### ABOUT THIS EXERCISE
When the records are reproduced, each one must match exactly, and no picture may be kept.

START SOURCE MATERIAL

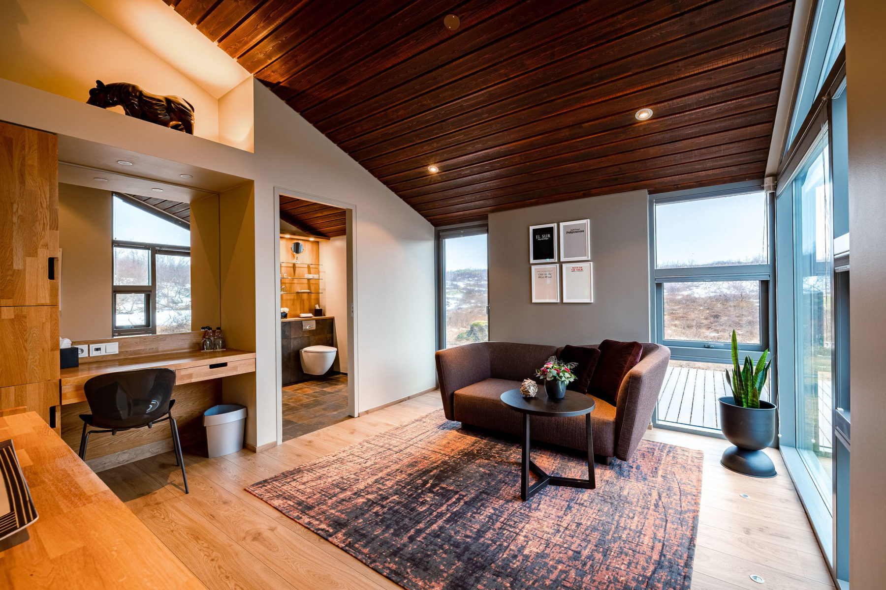 Indulge in pure luxury amidst Iceland’s stunning natural landscape with our spacious suites, accommodating up to 12 guests. Each suite offers the flexibility of twin or double beds and is thoughtfully designed to provide a serene haven after a day of adventuring. Complete with plush bedding, modern amenities, and breathtaking views of the surrounding mountains and glaciers, you’ll relax in style and comfort. Immerse yourself in the tranquil beauty of Iceland’s breathtaking wilderness as you unwind in our exceptional lodgings.
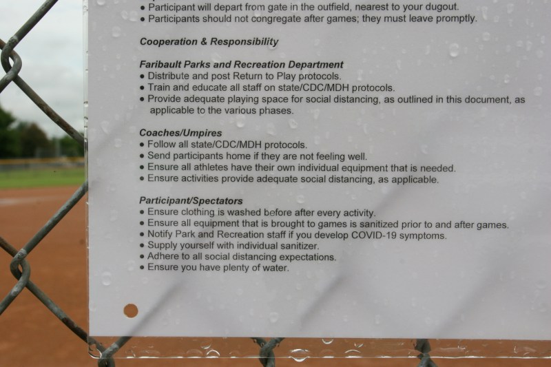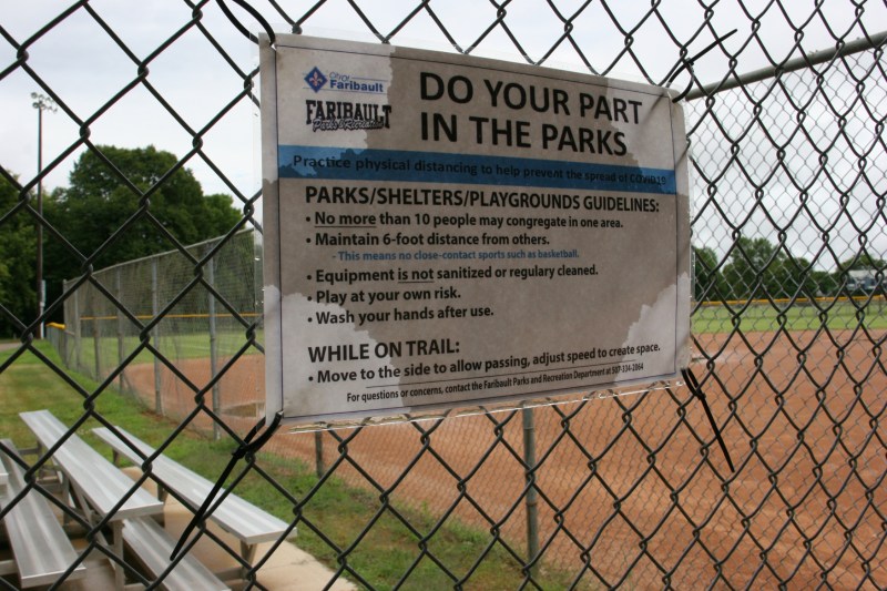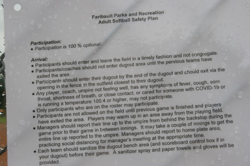 While out and about last Sunday, including a morning walk in North Alexander Park, I spotted an abundance of signage posted on fences at a softball diamond. I paused to read messages like the two-page Faribault Parks and Recreation Adult Softball Safety Plan, which focuses on health and safety as it relates to COVID-19.
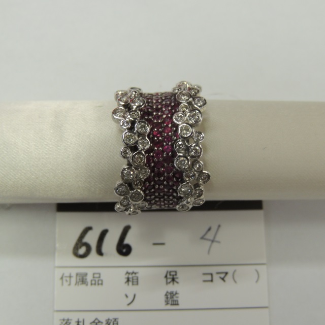 リング ルビー ダイヤ K18WG 11.80g 石目:1.63 D0.62
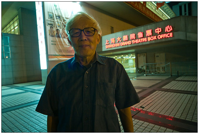 Tonight I did a little exploring Shanghai with my camera. While I was getting a sort of substandard photo of the Grand Theatre, I met a very talkative old gent. It seems that producing a fancy camera on the street causes most Chinese to take notice, and a good number of them to come over and chat. We conversed half in Chinese and half in English. Okay, to be honest, it was more 90% in English and 10% Chinese. His English was 90% better than my Chinese, so it only seemed fair. Kind of cool to think that he was 16 when Mao kicked off the revolution. He suggested that Laura and I should bring our Birth Your Dreams exhibition to Beijing or Shanghai because it would be good for my career. No kidding, right?
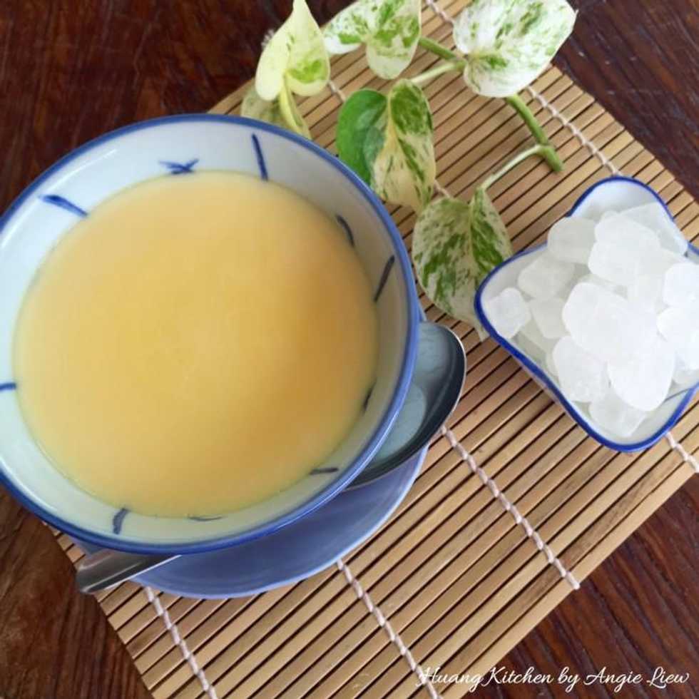 Boil rock sugar and water on low heat until the sugar dissolved, stirring occasionally.
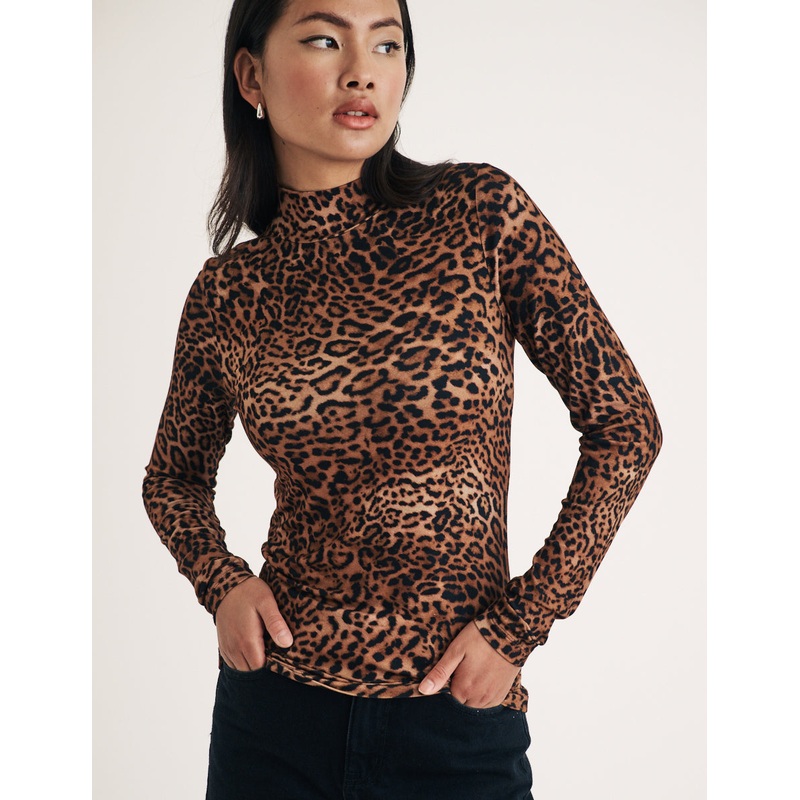 Layer up. This goes-with-everything leopard print roll neck is needed in every wardrobe. Its designed for a close cut. Style yours with everything you already own. Roll neck Long sleeves Soft stretch jersey fabric Designed for a close cut
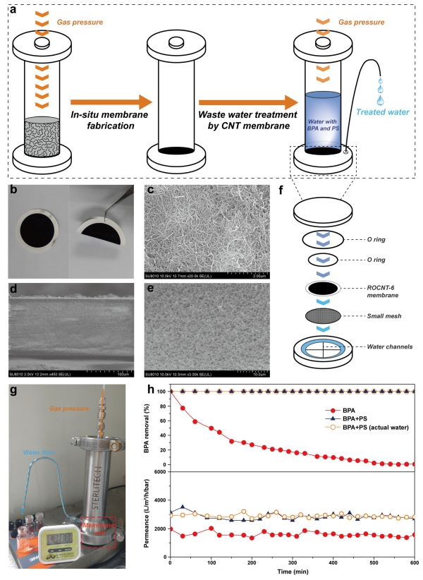 通过深入系统的研究发现碳纳米管上缺陷位为催化反应的活性位点而缺陷位上未配对自旋电子对催化活性则起着关键作用同时通过理论计算发现该体系的氧化电势可以通过在碳纳米管上构筑适当类型的缺陷来实现有效调控此外还利用缺陷态碳纳米管原位制备了滤水膜实现了真实水体低浓度污染物的连续快速去除使得该体系成为了一种理想的水处理系统。
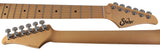 The neck is made from quartersawn tinted maple and features a vintage 60's Medium C shape with medium stainless steel frets. The frets feature rolled edges and a 10"-14" compound radius, great for smooth bends. These appointments create a comfortable, fast feeling neck with long lasting playability.
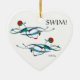 Two matched breaststroke swimmers on a heart ornament. This is an abstract line design with color in the shapes. A fun gift for that breaststroke swimmer you know and love! Art by D. Milan Brudvig.
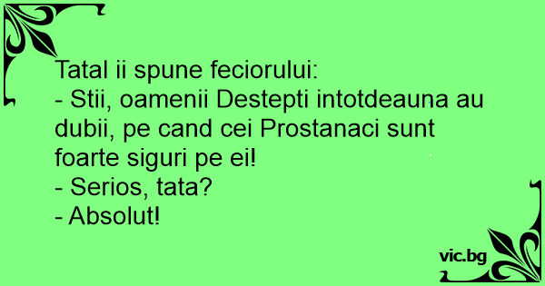 - Stii, oamenii Destepti intotdeauna au dubii, pe cand cei Prostanaci sunt foarte siguri pe ei!

END SOURCE MATERIAL

### REPLY TO THE TASK
 Indulge in pure luxury amidst Iceland’s stunning natural landscape with our spacious suites, accommodating up to 12 guests. Each suite offers the flexibility of twin or double beds and is thoughtfully designed to provide a serene haven after a day of adventuring. Complete with plush bedding, modern amenities, and breathtaking views of the surrounding mountains and glaciers, you’ll relax in style and comfort. Immerse yourself in the tranquil beauty of Iceland’s breathtaking wilderness as you unwind in our exceptional lodgings.
 While out and about last Sunday, including a morning walk in North Alexander Park, I spotted an abundance of signage posted on fences at a softball diamond. I paused to read messages like the two-page Faribault Parks and Recreation Adult Softball Safety Plan, which focuses on health and safety as it relates to COVID-19.
 リング ルビー ダイヤ K18WG 11.80g 石目:1.63 D0.62
 Tonight I did a little exploring Shanghai with my camera. While I was getting a sort of substandard photo of the Grand Theatre, I met a very talkative old gent. It seems that producing a fancy camera on the street causes most Chinese to take notice, and a good number of them to come over and chat. We conversed half in Chinese and half in English. Okay, to be honest, it was more 90% in English and 10% Chinese. His English was 90% better than my Chinese, so it only seemed fair. Kind of cool to think that he was 16 when Mao kicked off the revolution. He suggested that Laura and I should bring our Birth Your Dreams exhibition to Beijing or Shanghai because it would be good for my career. No kidding, right?
 Boil rock sugar and water on low heat until the sugar dissolved, stirring occasionally.
 Layer up. This goes-with-everything leopard print roll neck is needed in every wardrobe. Its designed for a close cut. Style yours with everything you already own. Roll neck Long sleeves Soft stretch jersey fabric Designed for a close cut
 通过深入系统的研究发现碳纳米管上缺陷位为催化反应的活性位点而缺陷位上未配对自旋电子对催化活性则起着关键作用同时通过理论计算发现该体系的氧化电势可以通过在碳纳米管上构筑适当类型的缺陷来实现有效调控此外还利用缺陷态碳纳米管原位制备了滤水膜实现了真实水体低浓度污染物的连续快速去除使得该体系成为了一种理想的水处理系统。
 The neck is made from quartersawn tinted maple and features a vintage 60's Medium C shape with medium stainless steel frets. The frets feature rolled edges and a 10"-14" compound radius, great for smooth bends. These appointments create a comfortable, fast feeling neck with long lasting playability.
 Two matched breaststroke swimmers on a heart ornament. This is an abstract line design with color in the shapes. A fun gift for that breaststroke swimmer you know and love! Art by D. Milan Brudvig.
 - Stii, oamenii Destepti intotdeauna au dubii, pe cand cei Prostanaci sunt foarte siguri pe ei!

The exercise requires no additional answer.